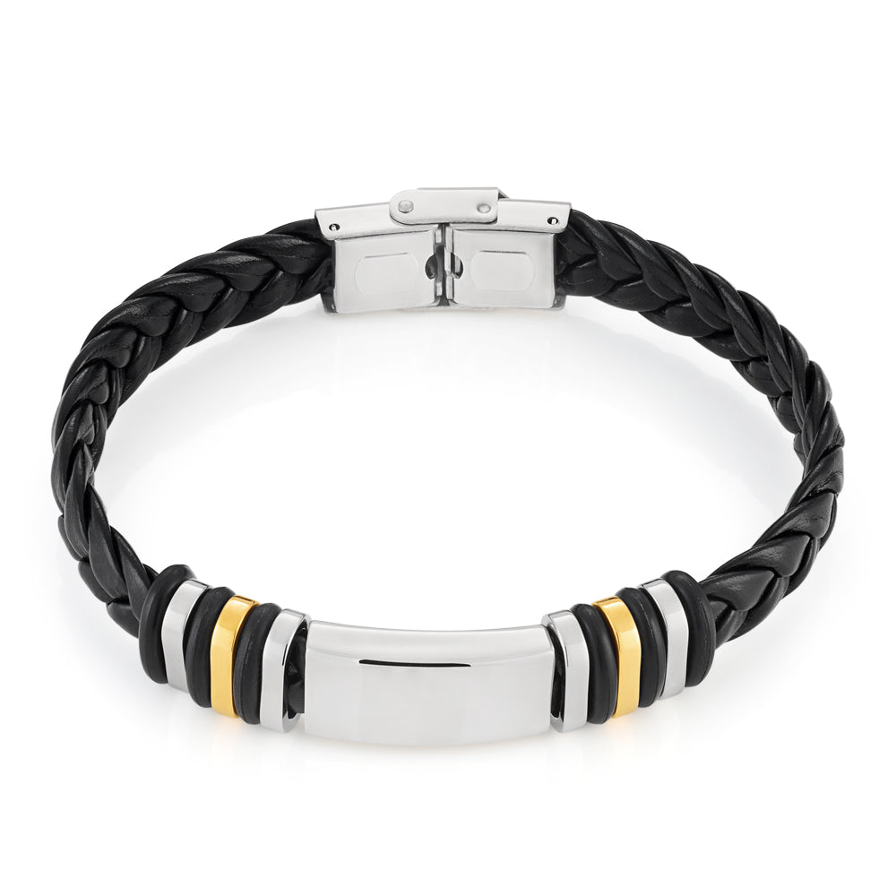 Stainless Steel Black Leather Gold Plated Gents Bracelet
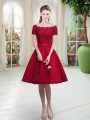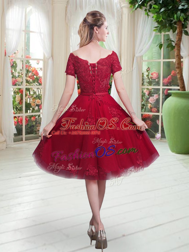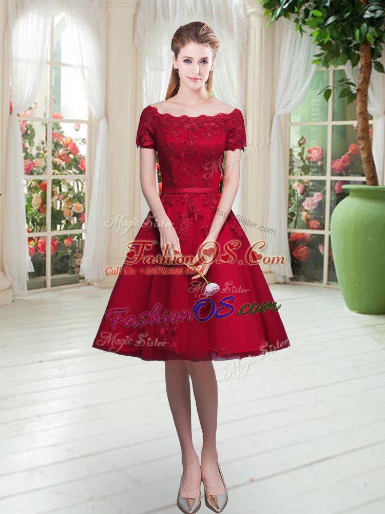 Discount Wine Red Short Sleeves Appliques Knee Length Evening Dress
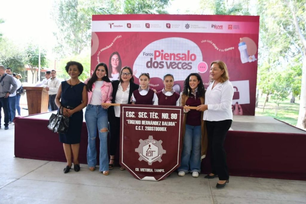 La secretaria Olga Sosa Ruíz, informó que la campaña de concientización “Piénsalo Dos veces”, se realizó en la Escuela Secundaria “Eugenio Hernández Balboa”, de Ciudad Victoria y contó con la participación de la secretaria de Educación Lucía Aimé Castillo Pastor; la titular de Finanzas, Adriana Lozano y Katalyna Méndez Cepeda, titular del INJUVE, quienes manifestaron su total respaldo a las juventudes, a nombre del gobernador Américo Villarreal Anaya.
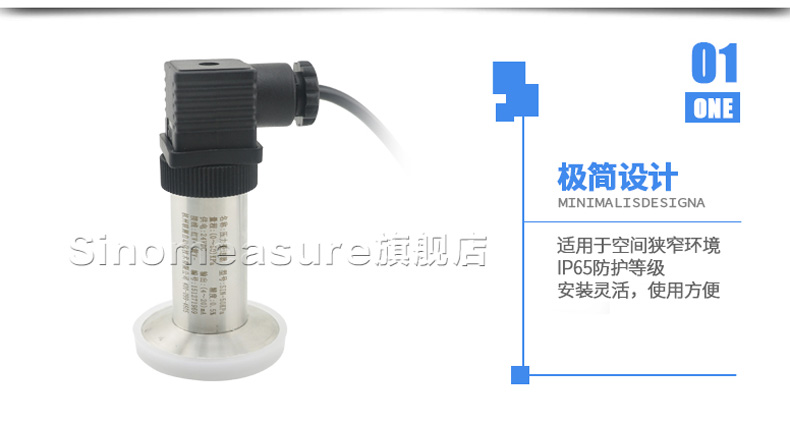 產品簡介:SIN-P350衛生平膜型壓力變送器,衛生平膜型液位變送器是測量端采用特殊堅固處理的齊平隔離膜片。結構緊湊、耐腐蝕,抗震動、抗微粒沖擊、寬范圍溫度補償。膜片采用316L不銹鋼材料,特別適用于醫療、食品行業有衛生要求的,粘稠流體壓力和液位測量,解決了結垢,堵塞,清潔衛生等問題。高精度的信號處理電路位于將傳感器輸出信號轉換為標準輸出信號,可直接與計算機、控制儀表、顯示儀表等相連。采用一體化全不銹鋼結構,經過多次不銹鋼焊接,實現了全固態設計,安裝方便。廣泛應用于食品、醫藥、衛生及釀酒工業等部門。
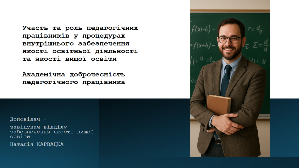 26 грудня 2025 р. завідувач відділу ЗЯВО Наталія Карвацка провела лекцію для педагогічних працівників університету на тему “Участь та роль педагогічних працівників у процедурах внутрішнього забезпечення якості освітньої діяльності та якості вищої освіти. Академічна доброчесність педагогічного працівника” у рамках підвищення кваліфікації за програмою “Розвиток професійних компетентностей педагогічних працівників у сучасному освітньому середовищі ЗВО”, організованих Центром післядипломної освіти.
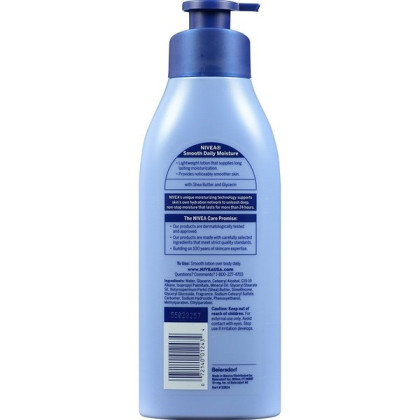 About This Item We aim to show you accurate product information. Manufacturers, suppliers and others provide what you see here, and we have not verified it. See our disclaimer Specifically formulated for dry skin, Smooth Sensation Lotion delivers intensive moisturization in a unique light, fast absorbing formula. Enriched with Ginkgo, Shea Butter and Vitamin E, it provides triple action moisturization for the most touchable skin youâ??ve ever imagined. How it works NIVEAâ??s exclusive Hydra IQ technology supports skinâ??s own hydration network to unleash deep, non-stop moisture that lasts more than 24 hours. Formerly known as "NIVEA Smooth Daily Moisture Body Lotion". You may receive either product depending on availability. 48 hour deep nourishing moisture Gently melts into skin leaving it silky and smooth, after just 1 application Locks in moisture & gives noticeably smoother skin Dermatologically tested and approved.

Required action
Nothing but an exact copy is asked for: the lines from the start of the records through the line with "產品簡介:SIN-P350衛", both ends included, minus any pictures.

Answer
 Stainless Steel Black Leather Gold Plated Gents Bracelet
 Discount Wine Red Short Sleeves Appliques Knee Length Evening Dress
 La secretaria Olga Sosa Ruíz, informó que la campaña de concientización “Piénsalo Dos veces”, se realizó en la Escuela Secundaria “Eugenio Hernández Balboa”, de Ciudad Victoria y contó con la participación de la secretaria de Educación Lucía Aimé Castillo Pastor; la titular de Finanzas, Adriana Lozano y Katalyna Méndez Cepeda, titular del INJUVE, quienes manifestaron su total respaldo a las juventudes, a nombre del gobernador Américo Villarreal Anaya.
 產品簡介:SIN-P350衛生平膜型壓力變送器,衛生平膜型液位變送器是測量端采用特殊堅固處理的齊平隔離膜片。結構緊湊、耐腐蝕,抗震動、抗微粒沖擊、寬范圍溫度補償。膜片采用316L不銹鋼材料,特別適用于醫療、食品行業有衛生要求的,粘稠流體壓力和液位測量,解決了結垢,堵塞,清潔衛生等問題。高精度的信號處理電路位于將傳感器輸出信號轉換為標準輸出信號,可直接與計算機、控制儀表、顯示儀表等相連。采用一體化全不銹鋼結構,經過多次不銹鋼焊接,實現了全固態設計,安裝方便。廣泛應用于食品、醫藥、衛生及釀酒工業等部門。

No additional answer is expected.